Pregnancies                 0
Glucose                     0
BloodPressure               0
SkinThickness               0
Insulin                     0
BMI                         0
DiabetesPedigreeFunction    0
Age                         0
Outcome                     0
dtype: int64


In [None]:

X = df.drop('Outcome', axis=1)
y = df['Outcome']

X_train, X_test, y_train, y_test = train_test_split(X, y, test_size=0.3, random_state=42)


scaler = StandardScaler()
X_train = scaler.fit_transform(X_train)
X_test = scaler.transform(X_test)

print(f'Training set shape: {X_train.shape}')
print(f'Test set shape: {X_test.shape}')

Training set shape: (537, 8)
Test set shape: (231, 8)


In [None]:
def objective(trial):
    n_estimators = trial.suggest_int('n_estimators', 50, 200)
    max_depth = trial.suggest_int('max_depth', 3, 20)

    model = RandomForestClassifier(
        n_estimators=n_estimators,
        max_depth=max_depth,
        random_state=42
    )

    score = cross_val_score(model, X_train, y_train, cv=3, scoring='accuracy').mean()

    return score

In [None]:

study = optuna.create_study(direction='maximize', sampler=optuna.samplers.TPESampler())  # We aim to maximize accuracy
study.optimize(objective, n_trials=50)

[I 2024-10-09 15:57:10,064] A new study created in memory with name: no-name-13cdd921-389f-4607-8199-5f33f4e7611a
[I 2024-10-09 15:57:11,000] Trial 0 finished with value: 0.7635009310986964 and parameters: {'n_estimators': 148, 'max_depth': 14}. Best is trial 0 with value: 0.7635009310986964.
[I 2024-10-09 15:57:12,057] Trial 1 finished with value: 0.7672253258845437 and parameters: {'n_estimators': 160, 'max_depth': 11}. Best is trial 1 with value: 0.7672253258845437.
[I 2024-10-09 15:57:13,194] Trial 2 finished with value: 0.7728119180633147 and parameters: {'n_estimators': 170, 'max_depth': 15}. Best is trial 2 with value: 0.7728119180633147.
[I 2024-10-09 15:57:14,738] Trial 3 finished with value: 0.7709497206703911 and parameters: {'n_estimators': 149, 'max_depth': 15}. Best is trial 2 with value: 0.7728119180633147.
[I 2024-10-09 15:57:17,017] Trial 4 finished with value: 0.7523277467411545 and parameters: {'n_estimators': 189, 'max_depth': 6}. Best is trial 2 with value: 0.77281

In [None]:

print(f'Best trial accuracy: {study.best_trial.value}')
print(f'Best hyperparameters: {study.best_trial.params}')

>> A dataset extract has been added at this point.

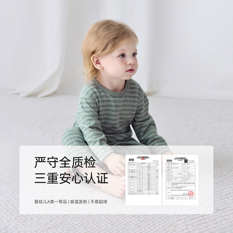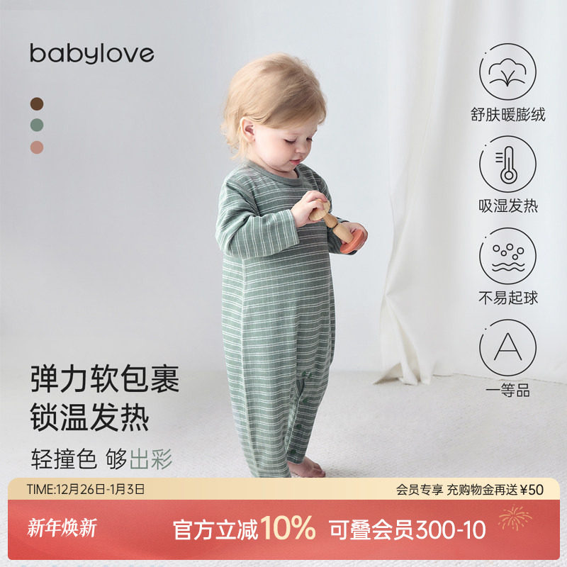 babylove婴儿连体衣秋冬款睡衣宝宝哈衣爬服条纹家居服保暖衣服

Best trial accuracy: 0.7821229050279329
Best hyperparameters: {'n_estimators': 125, 'max_depth': 18}


In [None]:
from sklearn.metrics import accuracy_score


best_model = RandomForestClassifier(**study.best_trial.params, random_state=42)

best_model.fit(X_train, y_train)


y_pred = best_model.predict(X_test)


test_accuracy = accuracy_score(y_test, y_pred)


print(f'Test Accuracy with best hyperparameters: {test_accuracy:.2f}')

Test Accuracy with best hyperparameters: 0.74


In [None]:

from optuna.visualization import plot_optimization_history, plot_parallel_coordinate, plot_slice, plot_contour, plot_param_importances

In [None]:

plot_optimization_history(study).show()

In [None]:

plot_parallel_coordinate(study).show()

In [None]:

plot_slice(study).show()

In [None]:

plot_contour(study).show()

In [None]:

plot_param_importances(study).show()

In [None]:
#Optimizing Multiple ML Models

In [None]:

from sklearn.ensemble import RandomForestClassifier, GradientBoostingClassifier
from sklearn.svm import SVC

In [None]:
def objective(trial):

    classifier_name = trial.suggest_categorical('classifier', ['SVM', 'RandomForest', 'GradientBoosting'])

    if classifier_name == 'SVM':
        c = trial.suggest_float('C', 0.1, 100, log=True)
        kernel = trial.suggest_categorical('kernel', ['linear', 'rbf', 'poly', 'sigmoid'])
        gamma = trial.suggest_categorical('gamma', ['scale', 'auto'])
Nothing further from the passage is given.